**WHAT THE EXERCISE ASKS**
When writing out the entries below, keep only the lines from the line with "吃盐太多有害健康,这个道理很" to the line with "인광빌라 담장은 그동안의", both included, exactly as they are, and leave the pictures aside.
BEGIN SOURCE DATA
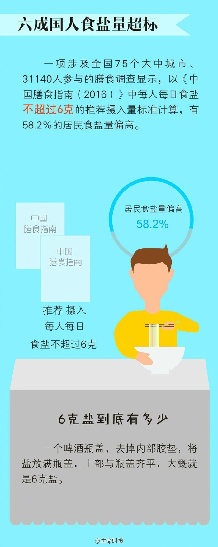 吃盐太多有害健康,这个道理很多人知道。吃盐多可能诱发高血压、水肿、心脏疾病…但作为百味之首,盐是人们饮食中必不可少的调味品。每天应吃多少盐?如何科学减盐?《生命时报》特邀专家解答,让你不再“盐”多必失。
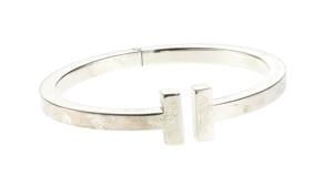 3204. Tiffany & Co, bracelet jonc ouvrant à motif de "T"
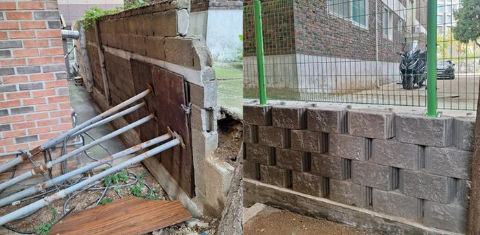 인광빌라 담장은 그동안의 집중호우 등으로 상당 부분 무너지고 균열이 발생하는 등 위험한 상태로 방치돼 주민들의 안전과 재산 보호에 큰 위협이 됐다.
END SOURCE DATA
BEGIN SOURCE DATA
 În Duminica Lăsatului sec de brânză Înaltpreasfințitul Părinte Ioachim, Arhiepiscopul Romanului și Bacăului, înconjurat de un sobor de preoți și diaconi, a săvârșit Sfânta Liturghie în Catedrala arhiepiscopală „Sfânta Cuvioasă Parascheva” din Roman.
END SOURCE DATA
**RESPONSE**
 吃盐太多有害健康,这个道理很多人知道。吃盐多可能诱发高血压、水肿、心脏疾病…但作为百味之首,盐是人们饮食中必不可少的调味品。每天应吃多少盐?如何科学减盐?《生命时报》特邀专家解答,让你不再“盐”多必失。
 3204. Tiffany & Co, bracelet jonc ouvrant à motif de "T"
 인광빌라 담장은 그동안의 집중호우 등으로 상당 부분 무너지고 균열이 발생하는 등 위험한 상태로 방치돼 주민들의 안전과 재산 보호에 큰 위협이 됐다.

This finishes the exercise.